--- WHAT THE TASK REQUIRES ---
Starting with the first line of the data below, copy each line up to and including the one containing "Lot 18: 14 Karat". Pictures stay out.

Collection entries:
+ + +

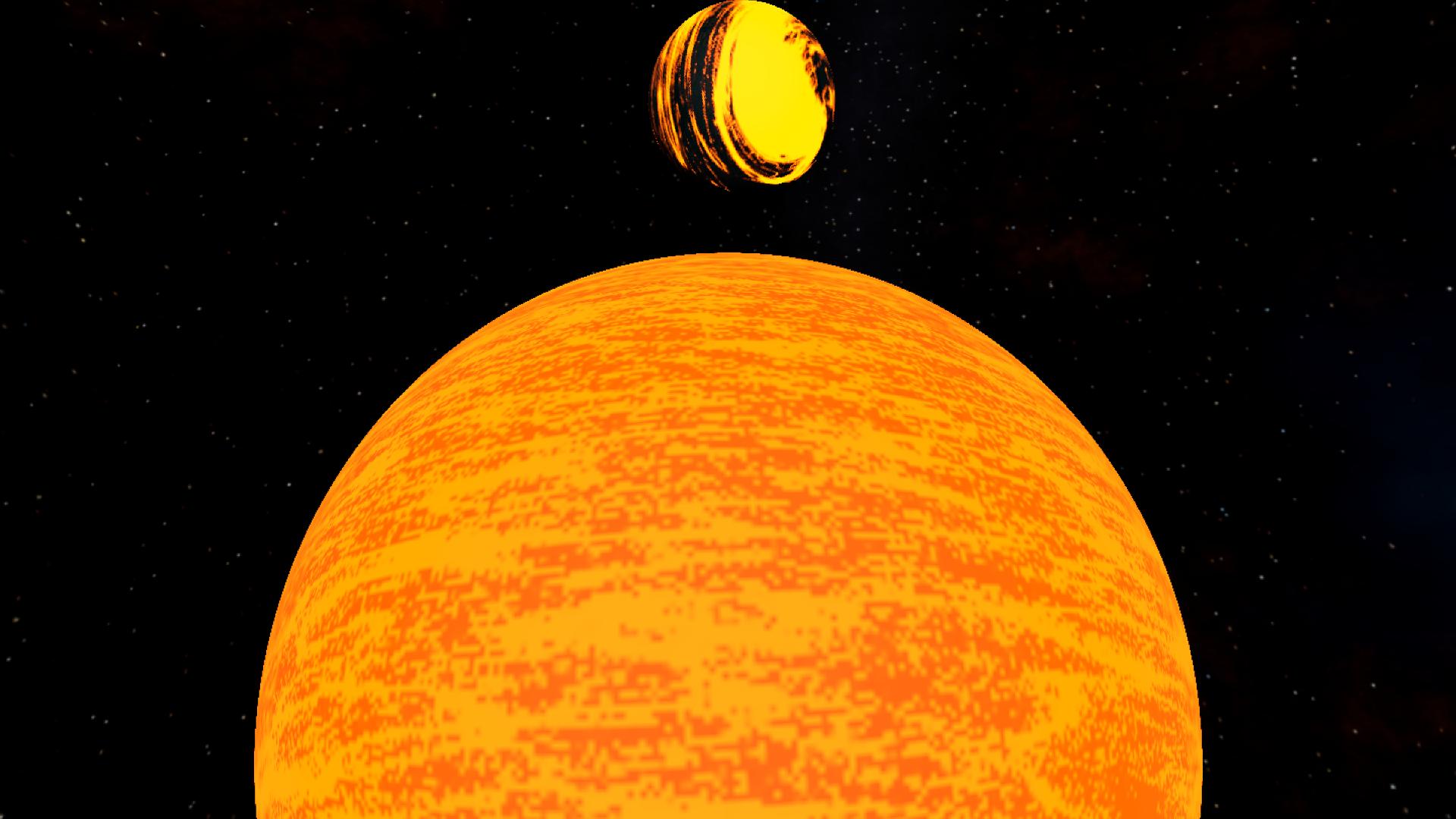Firoa is the moon of Gefiros. It Is close to its roche limit and is mostly composed by magma and molten rocks, the huge tydal forces cause It to deform slightly at times. The moon has a slow rotational period of 20 hours far exceeding that of Gefiros which is of Just 9hours.
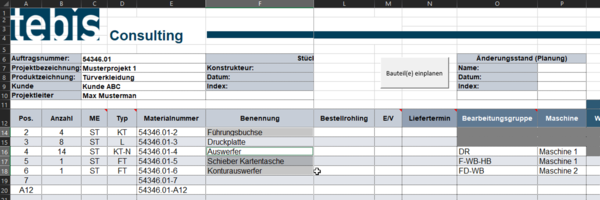 Für das Datum ist die Excel-Formel =heute() hinterlegt. Somit werden Bauteile immer an den heutigen Tag übertragen.
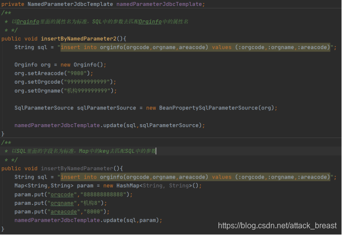 JdbcTemplate基础用法:NamedParameterJdbcTemplate
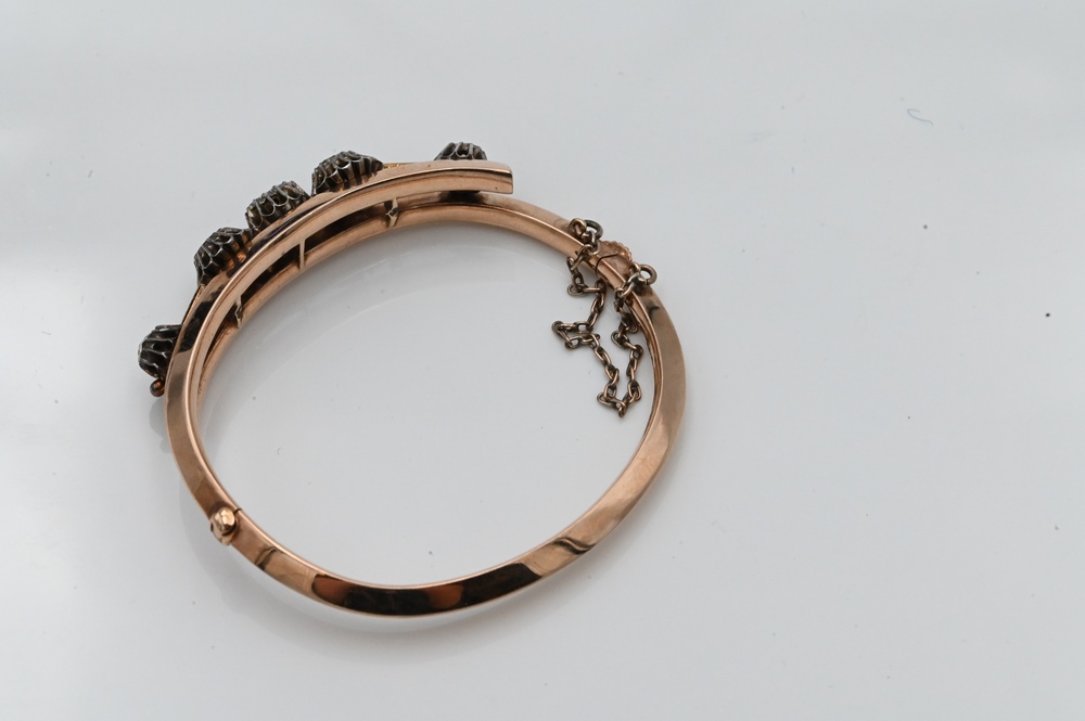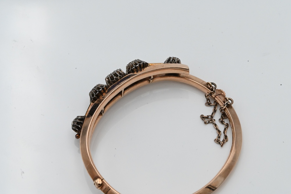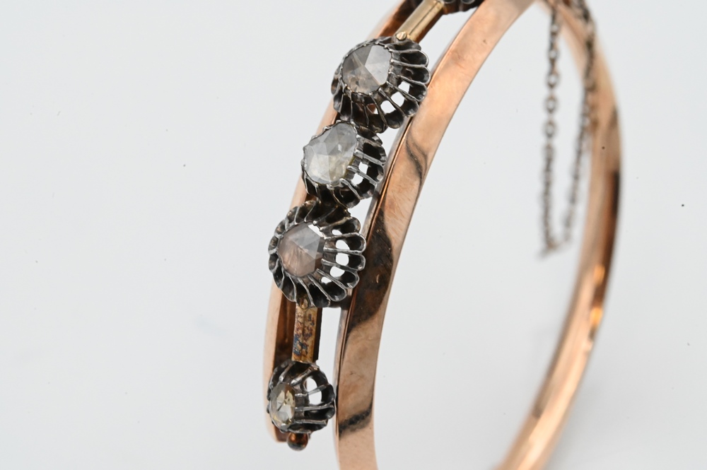 Lot 18: 14 Karat Gold Bangle Bracelet, set with five rose cut diamonds, 19th century or earlier, 14.4 grams.
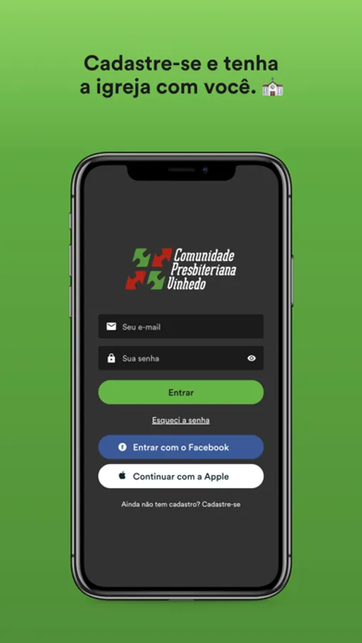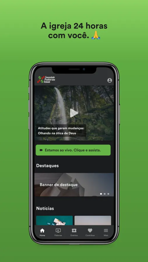 - Conecte-se com a igreja através dos grupos de interesse, receba conteúdo direcionado e obtenha sua carteirinha exclusiva.
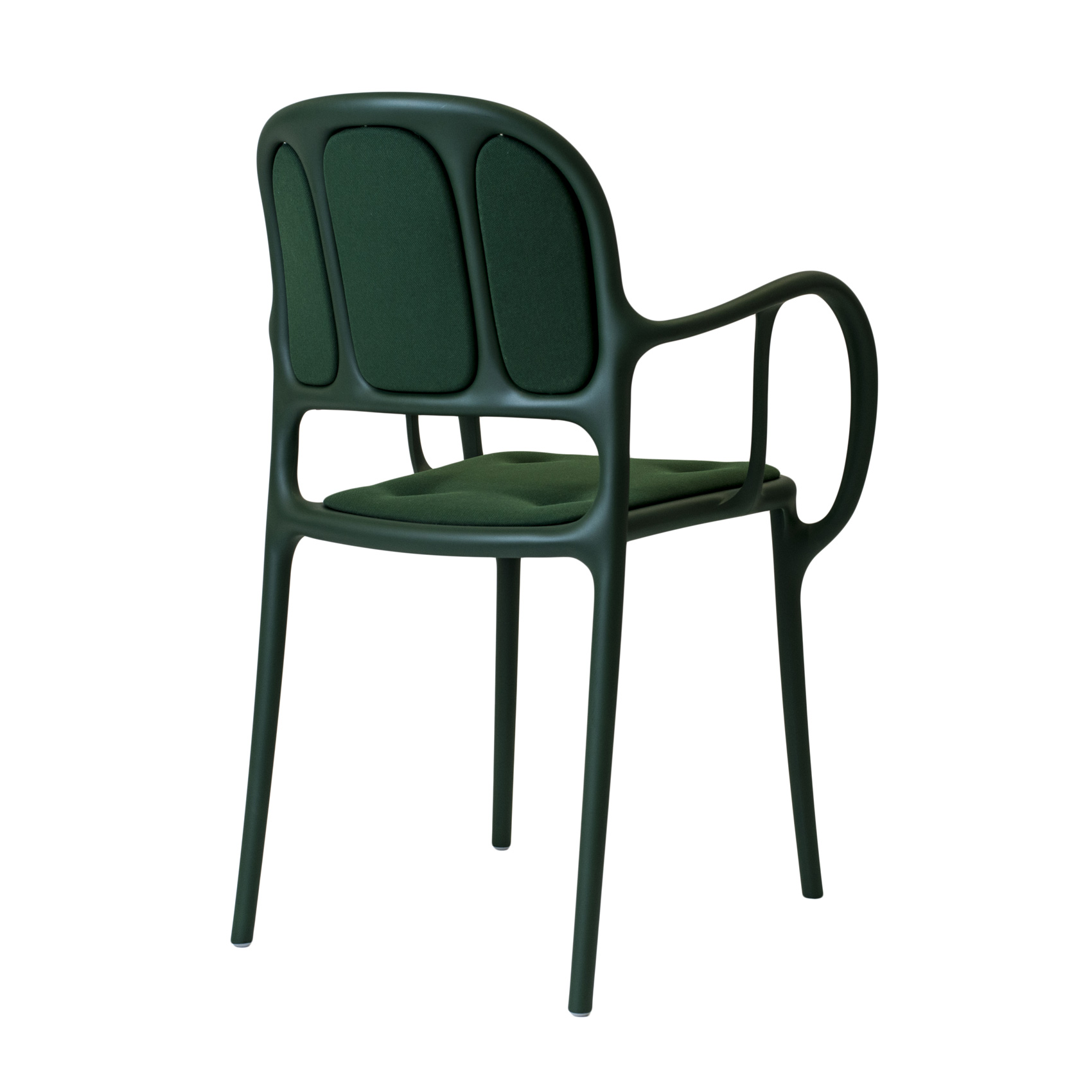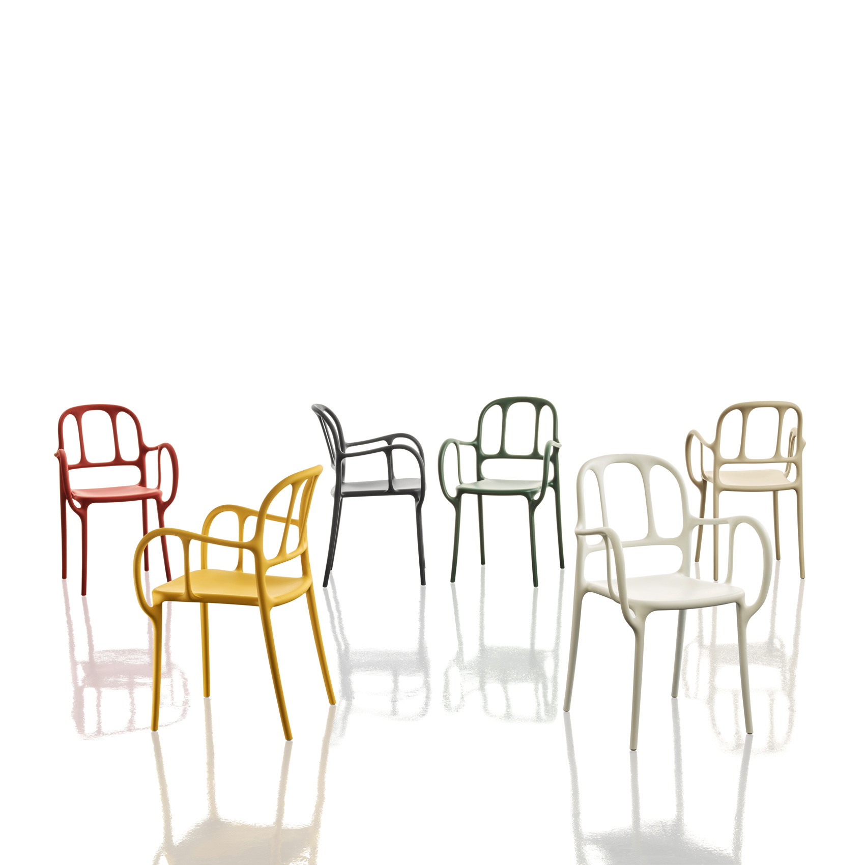 Milà er en elegant og sofistikert stabelbar stol med armlener i helstøpt polypropylen med glassfiber forsterkning. Stolen har helt klare referanser til Gaudí sine verk i Barcelona, med det markante buede formspråket i stolen. Ideen bak stolen var å lage noe i plast som ikke var mulig å lage i tre, men allikevel oppnå et sofistikert formspråk. Den har en overflate som gir den en silkemyk følelse. Stolen er allikevel robust og passer godt til bruk i kantiner, skoler, restauranter og andre sosiale soner i et kontor. Stolen er stablebar og egner seg godt for utendørsbruk. Kommer i versjoner med setepute, eller med sete- og ryggpute, eller helt uten polstring.

+ + +

--- EXERCISE RESPONSE ---
Firoa is the moon of Gefiros. It Is close to its roche limit and is mostly composed by magma and molten rocks, the huge tydal forces cause It to deform slightly at times. The moon has a slow rotational period of 20 hours far exceeding that of Gefiros which is of Just 9hours.
 Für das Datum ist die Excel-Formel =heute() hinterlegt. Somit werden Bauteile immer an den heutigen Tag übertragen.
 JdbcTemplate基础用法:NamedParameterJdbcTemplate
 Lot 18: 14 Karat Gold Bangle Bracelet, set with five rose cut diamonds, 19th century or earlier, 14.4 grams.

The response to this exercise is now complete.